• **PROBLEM REQUIREMENTS**
Where a record contains a picture, omit it; otherwise reproduce the listing exactly.

◆ ◆ ◆ ◆ ◆ ◆ ◆

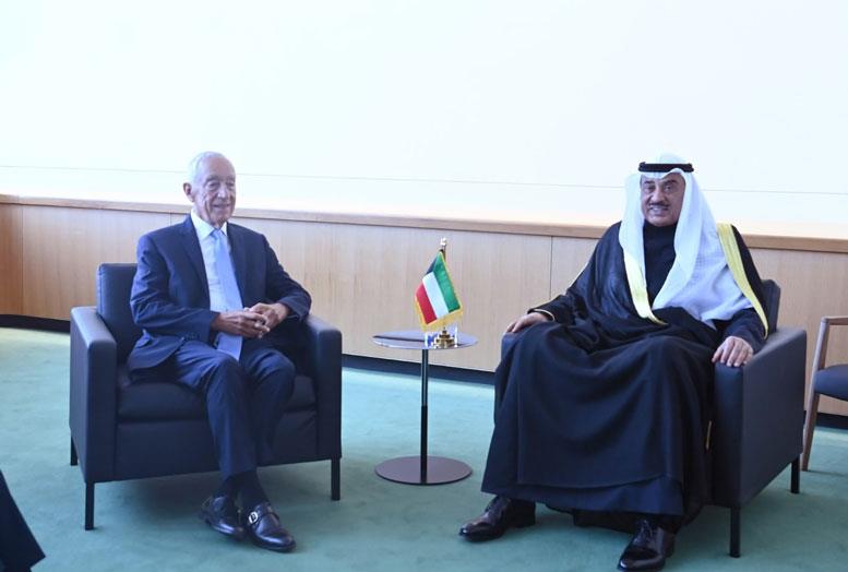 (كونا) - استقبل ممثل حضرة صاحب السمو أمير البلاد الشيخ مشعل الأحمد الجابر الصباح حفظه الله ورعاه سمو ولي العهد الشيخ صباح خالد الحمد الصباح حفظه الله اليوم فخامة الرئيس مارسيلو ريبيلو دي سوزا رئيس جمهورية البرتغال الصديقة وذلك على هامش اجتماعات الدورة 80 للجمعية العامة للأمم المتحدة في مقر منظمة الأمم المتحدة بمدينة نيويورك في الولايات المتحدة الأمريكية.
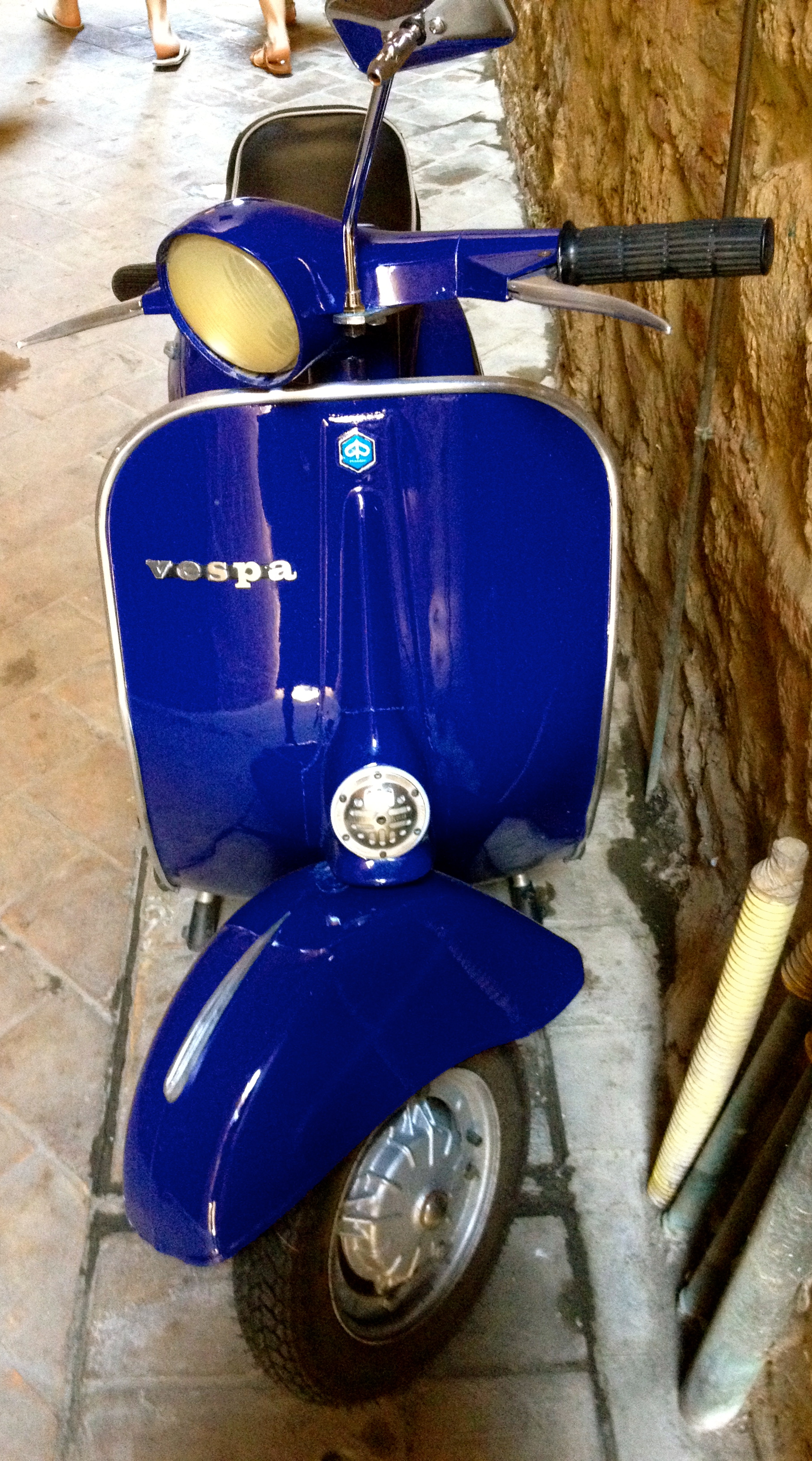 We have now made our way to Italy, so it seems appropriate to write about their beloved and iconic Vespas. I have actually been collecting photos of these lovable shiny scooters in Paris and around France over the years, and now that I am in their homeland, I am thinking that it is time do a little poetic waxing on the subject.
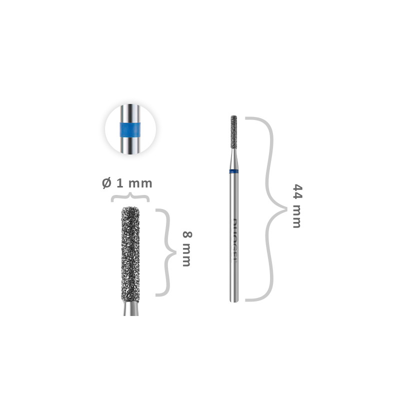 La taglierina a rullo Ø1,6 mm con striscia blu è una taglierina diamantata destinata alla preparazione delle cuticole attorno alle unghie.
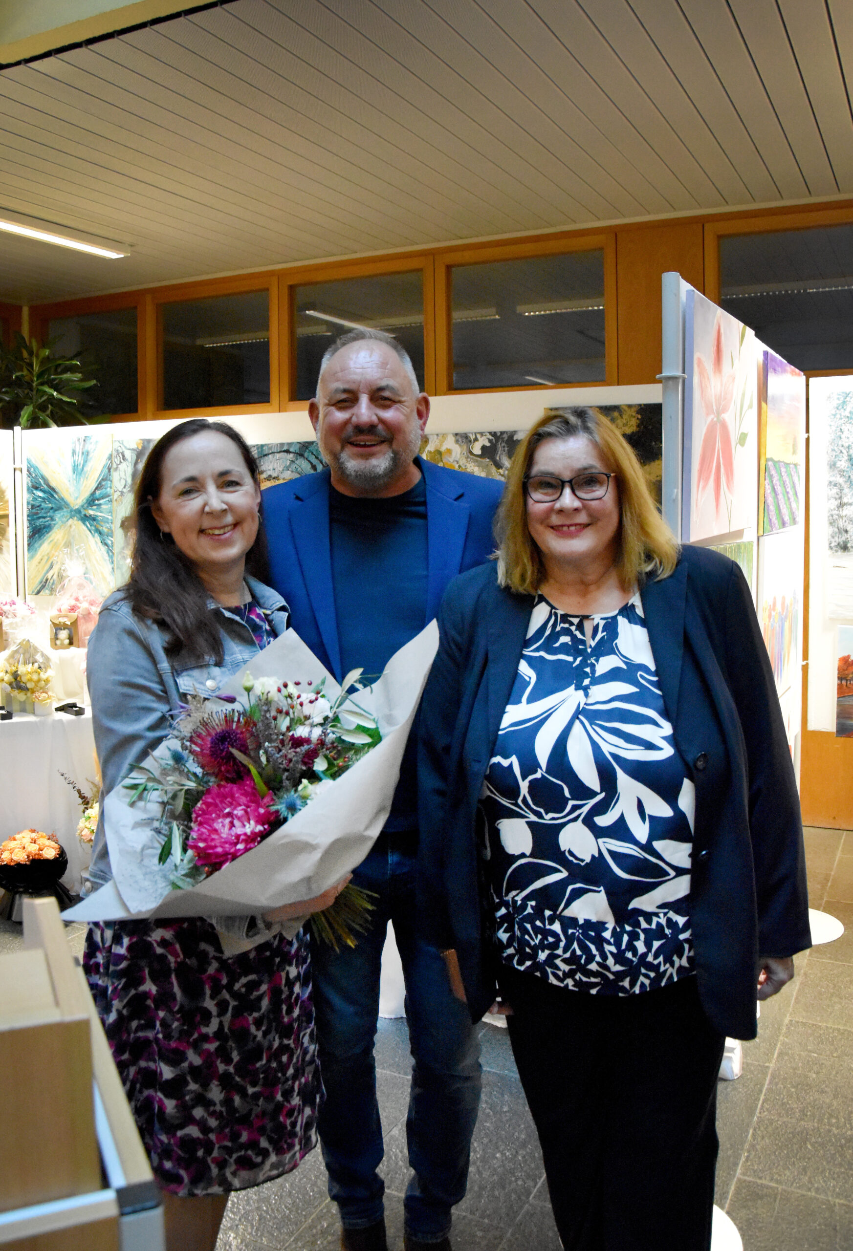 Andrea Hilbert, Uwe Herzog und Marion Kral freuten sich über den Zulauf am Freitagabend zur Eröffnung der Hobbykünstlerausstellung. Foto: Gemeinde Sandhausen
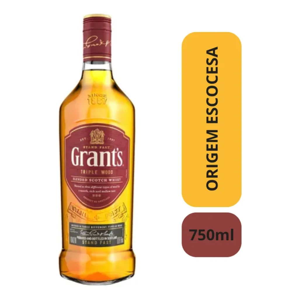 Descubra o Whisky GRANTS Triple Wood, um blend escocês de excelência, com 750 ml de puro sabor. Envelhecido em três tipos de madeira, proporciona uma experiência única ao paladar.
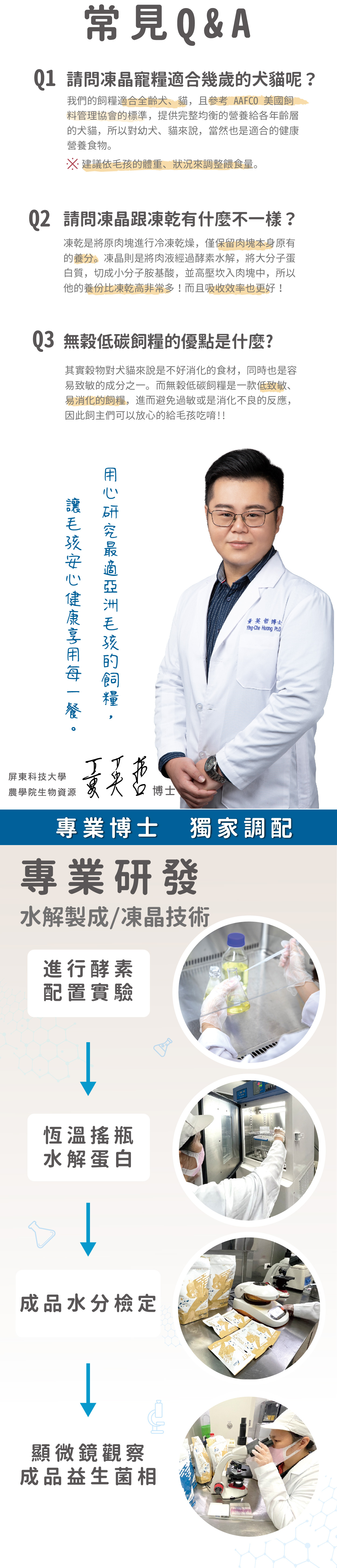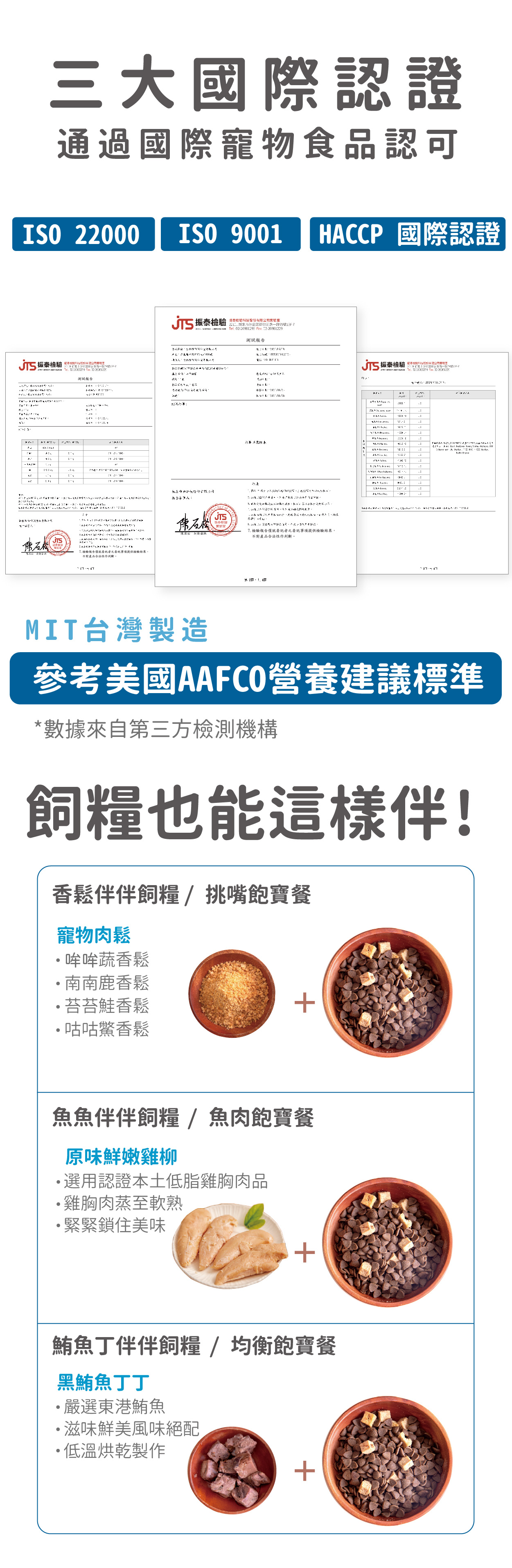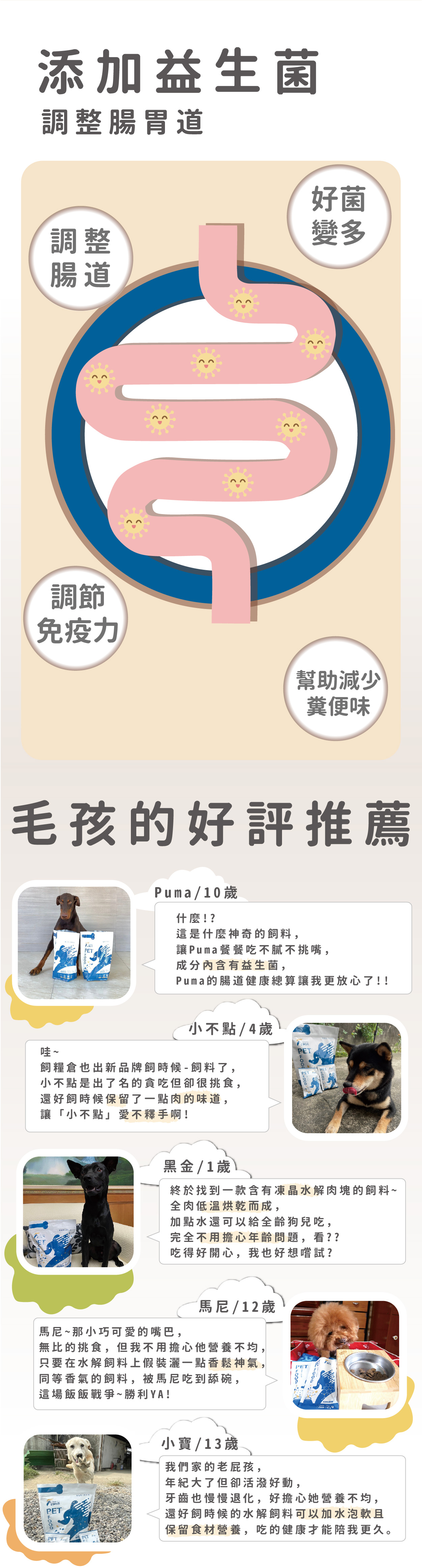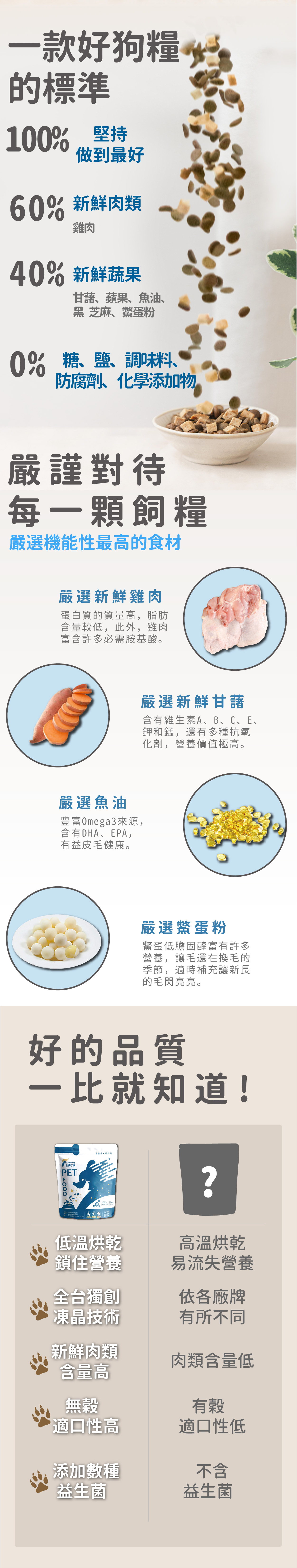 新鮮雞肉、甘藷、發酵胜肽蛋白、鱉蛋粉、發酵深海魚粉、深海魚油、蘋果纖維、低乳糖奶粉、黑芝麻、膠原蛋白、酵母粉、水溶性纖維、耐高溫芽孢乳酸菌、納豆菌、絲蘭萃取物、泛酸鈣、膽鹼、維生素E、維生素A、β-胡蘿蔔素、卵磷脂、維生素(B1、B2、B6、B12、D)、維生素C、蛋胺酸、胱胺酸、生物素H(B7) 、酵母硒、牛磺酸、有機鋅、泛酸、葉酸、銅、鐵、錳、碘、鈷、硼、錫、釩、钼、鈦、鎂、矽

◆ ◆ ◆ ◆ ◆ ◆ ◆

• **EXERCISE RESPONSE**
 (كونا) - استقبل ممثل حضرة صاحب السمو أمير البلاد الشيخ مشعل الأحمد الجابر الصباح حفظه الله ورعاه سمو ولي العهد الشيخ صباح خالد الحمد الصباح حفظه الله اليوم فخامة الرئيس مارسيلو ريبيلو دي سوزا رئيس جمهورية البرتغال الصديقة وذلك على هامش اجتماعات الدورة 80 للجمعية العامة للأمم المتحدة في مقر منظمة الأمم المتحدة بمدينة نيويورك في الولايات المتحدة الأمريكية.
 We have now made our way to Italy, so it seems appropriate to write about their beloved and iconic Vespas. I have actually been collecting photos of these lovable shiny scooters in Paris and around France over the years, and now that I am in their homeland, I am thinking that it is time do a little poetic waxing on the subject.
 La taglierina a rullo Ø1,6 mm con striscia blu è una taglierina diamantata destinata alla preparazione delle cuticole attorno alle unghie.
 Andrea Hilbert, Uwe Herzog und Marion Kral freuten sich über den Zulauf am Freitagabend zur Eröffnung der Hobbykünstlerausstellung. Foto: Gemeinde Sandhausen
 Descubra o Whisky GRANTS Triple Wood, um blend escocês de excelência, com 750 ml de puro sabor. Envelhecido em três tipos de madeira, proporciona uma experiência única ao paladar.
 新鮮雞肉、甘藷、發酵胜肽蛋白、鱉蛋粉、發酵深海魚粉、深海魚油、蘋果纖維、低乳糖奶粉、黑芝麻、膠原蛋白、酵母粉、水溶性纖維、耐高溫芽孢乳酸菌、納豆菌、絲蘭萃取物、泛酸鈣、膽鹼、維生素E、維生素A、β-胡蘿蔔素、卵磷脂、維生素(B1、B2、B6、B12、D)、維生素C、蛋胺酸、胱胺酸、生物素H(B7) 、酵母硒、牛磺酸、有機鋅、泛酸、葉酸、銅、鐵、錳、碘、鈷、硼、錫、釩、钼、鈦、鎂、矽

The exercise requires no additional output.